空室改善提案のカギは、管理会社の組織デザインから

<守備の要は「仕組み化」>

 守備的ポジション(DF)の生産性向上のカギは「仕組み化」(いつ・誰が・何回行っても、同じ品質やレベルの成果物が出来上がること)です。守備的業務に位置する多くのルーティーン業務は、仕組みで業務効率を上げやすいのが特徴です。クレーム対応など突発的な業務は別として、DFのほとんどがルーティーン業務です。属人的な能力に頼りがちですが、一度仕組みを作り上げてしまえば、あとはそのルールを徹底させることで、効率よく同じ成果が出せます。「仕組み化」にはいくつか方法がありますが、例を上げると、部署別業務マニュアル作成・テンプレート化(繰り返し使う資料のひな形作成)・IT活用(管理ソフトや独自システム)・アウトソーシングの利用などがあります。例えば、IT化の具体例ですが、当社は月間90~100件程度「解約/原状回復工事」があります。以前は十数社へ、担当別に依頼を掛けており、ルールやフローも確立されていませんでした。そこで業者を5社程度に絞り込み、ITシステムを自社で構築して、工事業者と当社との工事案件を一元管理できる仕組みを構築しました。当社から見積もり依頼と言うボタンを押すと、先方の担当にEメールが届くようになっており、そのシステムで発注依頼、工事終了後の写真の共有もできるようにしています。また、ネット環境さえあれば、全社員が全ての案件進捗を一元的に見られるます。それからアウトソーシングについては、賃貸管理業界でも少しずつ認識されつつあります。人件費との比較も重要ですが、自社のスタッフでなくてもできる「作業」は、できるだけアウトソーシングすべきです。他業界では積極的に使われるアウトソーシングという概念が、賃貸管理業ではまだまだ馴染みがありません。繰り返しになりますが、限られた人材でやるべき業務は、できるだけ「作業」ではなく、考える「仕事」をするポジションに配置すべきではないでしょうか。

<攻めの提案は「見える化」がカギ>

 新規管理受託・空室改善・リフォームなど、管理会社にとってオーナー提案を行う機会は日々あります。しかし重要な割に、その提案のほとんどが「口頭」で伝えられています。いくら良い提案や商品紹介であっても、口頭で伝えられては提案の根拠や具体性にかけます。そもそも、説明をする人によって内容にバラツキがでますし、オーナーとの間で解釈に食い違いが出ても、お互いに気付かない可能性があります。そこで提案にも「見える化」が重要なのです。「見える化」とは、一般的に見えにくい業務を誰が見ても分かるようにオープンにして行くという意味合いでよく使われます。ただし、ここで言う「見える化」とは、出来るだけ数値や文字などのビジュアルを用いて、紙面等で比較提案をすることや、分かりにくい管理業務のサービス内容を目で見て伝えることです。

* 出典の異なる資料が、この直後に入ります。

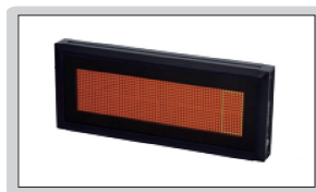
large display (optional)
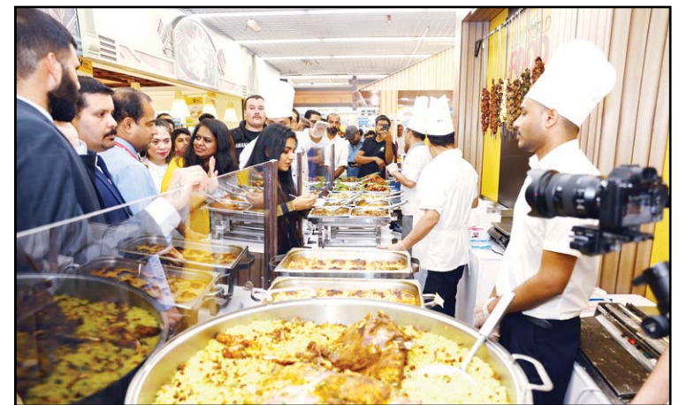
Top and above: Some photos of the event

 例えば空室改善であれば、物件評価表という書式を利用して、良い点と改善点を「見える化」して、何が原因で空室になっているのか?という要因をはっきり示します。

『大家さん、相場よりも高いので、家賃を下げて募集をしませんか?』などと言う、根拠のわかりにくい提案をすれば、オーナーも良い気がしません。最終的にどんな商品でも「価格(賃料)が適正かどうか」が決め手ですが、それをどのように伝えるのかが重要なのです。ネットの普及により、かんたんに物件の比較がされるようになりました。消費者心理で考えれば、同じ賃料であれば、より良い条件の物件を選ぶはずです。物件の善し悪しを比較ができるように項目別に定量化すると、オーナーに理解して頂きやすくなるはずです。

 これから数ヶ月で、また繁忙期がやって来ます。賃貸需要が大幅に高まり、入居率を改善する機会がこの数ヶ月間です。このチャンスを活かすためには、組織全体を見渡して、あらかじめオーナー提案の時間を確保できる体制を整えることが大切です。技術的なことや、人の能力だけではなく、人材の特性を活かし最適な組織デザインをすることが、積極的なオーナー提案をするためのフィールド作りではないでしょうか。